Scenario - 1 - if item_type is meat is non-veg else veg

In [None]:
df=df.withColumn('veg_flag',when(col('Item_Type')=='Meat','Non-Veg').otherwise('veg'))

Scenario - 2 - if item type is veg and item mrp is <100 then it is inexpensive else veg expensive otherwise non veg

In [None]:
df.withColumn('veg_exp_flg',when(((col('veg_flag')=='veg') \
              & (col('Item_MRP')<100)),'Veg_Inexpensive') \
              .when((col('veg_flag')=='veg') \
              & (col('Item_MRP')>100),'Veg_Expensive') \
              .otherwise('Non_Veg')).show()

### JOINS

- Inner Join
- Left Join
- Right Join
- Full Join
- Anti Join

In [None]:
dataj1 = [('1','gaur','d01'),
          ('2','kit','d02'),
          ('3','sam','d03'),
          ('4','tim','d03'),
          ('5','aman','d05'),
          ('6','nad','d06')] 

schemaj1 = 'emp_id STRING, emp_name STRING, dept_id STRING' 

df1 = spark.createDataFrame(dataj1,schemaj1)

dataj2 = [('d01','HR'),
          ('d02','Marketing'),
          ('d03','Accounts'),
          ('d04','IT'),
          ('d05','Finance')]

schemaj2 = 'dept_id STRING, department STRING'

df2 = spark.createDataFrame(dataj2,schemaj2)

In [None]:
df1.show()
df2.show()

INNER JOIN

In [None]:
df1.join(df2, df1['dept_id']==df2['dept_id'],'inner').show()

LEFT JOIN

In [None]:
df1.join(df2, df1['dept_id']==df2['dept_id'],'LEFT').show()

RIGHT JOIN

In [None]:
df1.join(df2, df1['dept_id']==df2['dept_id'],'right').show()

ANTI JOIN

In [None]:
df1.join(df2, df1['dept_id']==df2['dept_id'],'anti').show()

### WINDOW FUNCTIONS

- ROW NUMBER()
- RANK()
- DENSE_RANK()

ROW_NUMBER()

In [None]:
from pyspark.sql.window import Window

In [None]:
df.withColumn('rowCol',row_number().over(Window.orderBy('Item_Identifier'))).show()

RANK()

In [None]:
df.withColumn('rank',rank().over(Window.orderBy(col('Item_Identifier').desc()))).show()

Dense_Rank()

In [None]:
df.withColumn('rank',rank().over(Window.orderBy(col('Item_Identifier').desc()))) \
    .withColumn('denserank',dense_rank().over(Window.orderBy(col('Item_Identifier').desc()))).show()

### WINDOW FUNCTIONS

- Cumulative Sum

In [None]:
df.withColumn('cum_sum',sum('Item_MRP').over(Window.orderBy('Item_Type'))).show()

In [None]:
df.withColumn('cum_sum',sum('Item_MRP').over(Window.orderBy('Item_Type').rowsBetween(Window.unboundedPreceding,Window.currentRow))).show()

In [None]:
df.withColumn('total_sum',sum('Item_MRP').over(Window.orderBy('Item_Type').rowsBetween(Window.unboundedPreceding,Window.unboundedFollowing))).show()
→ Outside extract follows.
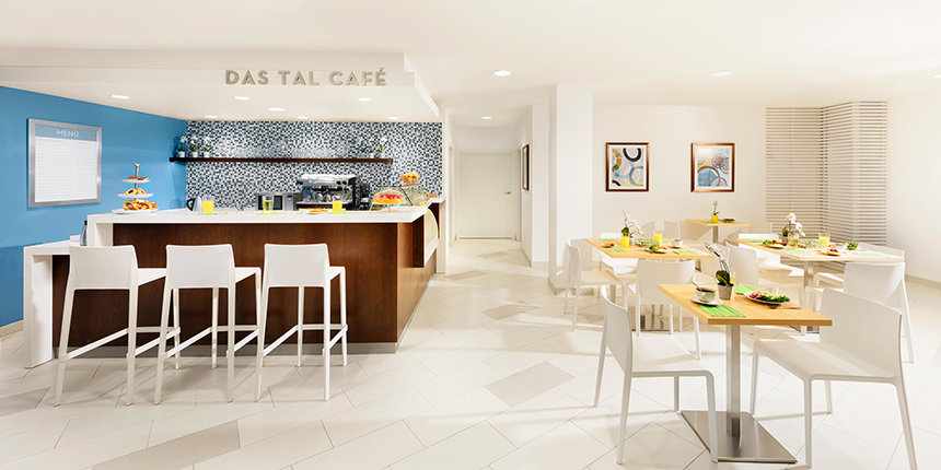Das Café bietet Veranstaltungsteilnehmern einen Ort zum Austauschen, sowie auch für Gemeindemitglieder während den Pausen bei ihren Scientology Diensten.

### USER DEFINED FUNCTIONS

- create UDF
- create python function using udf()

In [None]:
def my_func(x):
    return x*x

In [None]:
my_udf=udf(my_func)

In [None]:
df.withColumn('New_Col',my_udf('Item_MRP')).show()

### DATA WRITING

- CSV

In [None]:
df.write.format('csv')\
    .mode('overwrite')\
        .save('D:/Data Engineering/Pyspark/Ansh L/write/')

###DATA WRITING MODES

- APPEND - TO APPEND DATA
- OVERWRITE - TO OVERWRITE DATA
- ERROR - To Throw an error if file is already exists
- IGNORE - To IGNORE any error

In [None]:
df.write.format('csv')\
    .mode('append')\
        .save('D:/Data Engineering/Pyspark/Ansh L/write/')

In [None]:
df.write.format('csv')\
    .mode('overwrite')\
        .save('D:/Data Engineering/Pyspark/Ansh L/write/')

In [None]:
df.write.format('csv')\
    .mode('error')\
        .save('D:/Data Engineering/Pyspark/Ansh L/write/')

In [None]:
df.write.format('csv')\
    .mode('Ignore')\
        .save('D:/Data Engineering/Pyspark/Ansh L/write/')

### PARQUET FILE FORMAT

- ROW BASED FILE FORMAT

In [None]:
df.write.format('parquet')\
    .mode('overwrite')\
        .save('D:/Data Engineering/Pyspark/Ansh L/write/')

### Table

In [None]:
df.write.format('parquet')\
    .mode('overwrite')\
        .saveAsTable('my_table')

### SPARK SQL

In [None]:
df.createTempView('my_view')

In [None]:
data2=spark.sql("""
select * from my_view""")

In [None]:
data2.show()

In [None]:
spark.sql("""
select * from my_view where Item_fat_content='Low Fat'
                """).show()
#data3.show()